At this time, the child's true self will be damaged to varying degrees. They may feel like they're not allowed to cry, or that they can't be afraid, or that it's not right for them to be happy. They may even feel like they need to look after the feelings of their family. This is a tough time for them! Their true self is hidden, and a false self develops instead. They choose a way that either pleases their mother or doesn't offend her.
A false self is one that is based on catering to the wishes of others rather than obeying one's true feelings or instinctive needs.
In a nutshell, when you're around your classmates, you might be more worried about making them happy, so you might not speak your mind or do whatever you want like you do with your family. In fact, the you that shows up at this time is the "fake you."

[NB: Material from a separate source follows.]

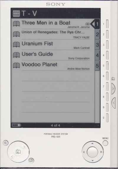 Now just copy any compatible eBook file onto the SD card. In my second attached file ("SonySDCard.gif"), you'll see that I copied a PDF file into the root directory. And in the third attached file ("SonySDCard-2.gif") you'll see that I uploaded an ePub file into the drive:\Sony Reader\database directory. The fourth and fifth attached files ("SonyScan-1.jpg" and "SonyScan-2.jpg") show these two books on the Sony reader. Note the little icon next to the title indicating that the book is on the SD card. |
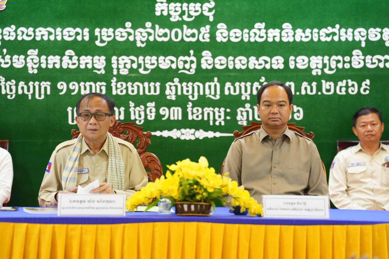 ព្រះវិហារ៖ នាថ្ងៃទី១៣ ខែកុម្ភៈ ឆ្នាំ២០២៦ លោកយ៉ង សាំងកុមារ រដ្ឋលេខាធិការក្រសួងកសិកម្ម និងលោក គីម រិទ្ធី អភិបាលខេត្តព្រះវិហារ និងមន្រ្តីរាជការជាច្រើននាក់ របស់មន្ទីរកសិកម្ម រុក្ខាប្រមាញ់ និងនេសាទ ខេត្តព្រះវិហារ បានបើកកិច្ចប្រជុំបូកសរុបលទ្ធផលការងារប្រចាំឆ្នាំ២០២៥ និងលើកទិសដៅអនុវត្តន៍ឆ្នាំ២០២៦ នៅសាលប្រជុំមន្ទីរកសិកម្ម រុក្ខាប្រមាញ់ និងនេសាទ ខេត្តព្រះវិហារ។

At home, you are either a chatterbox or even a drama queen, and that's okay!
Haha, at home, you don't have to worry about anyone's opinions because you know they will be unconditionally tolerant and understanding. This is when your true self comes back! You feel very relaxed, comfortable, and enjoy this state.
We're all really similar, actually. When we're with our loved ones, we can be our true selves and express ourselves freely.
?
So, whether it's the "false you" or the "true you," they're both ways of expressing yourself. We can understand others through falsehood and feel ourselves through truth. It doesn't matter if it's false or true, we accept it unconditionally with understanding and support! And then, the true you will become more and more aware and stronger!
Let's wait and see together, my friend!
And finally, I wish you a life filled with joy, happiness, and hope, free from any disasters or difficulties!
I love you, world! And I love you, too, my friend! ??


Comments
I feel you on that. It's like school puts us in a box, and we just act out what we think is expected of us. But home is where we can truly let loose and be ourselves without any filters.
Sometimes I wonder if the quiet version at school is just a protective shell. Maybe inside, we're all screaming to get out and just be as vibrant and loud as we are at home.
It's interesting how environments shape our behavior. Perhaps both sides are true you; it's just different settings bring out different aspects of who you are. Embracing both might help you feel more authentic everywhere.
The chatterbox you become at home sounds like so much fun. Maybe that's your real self finally getting a chance to shine after holding back all day. It could be worth trying to find ways to express that lively side even while you're at school.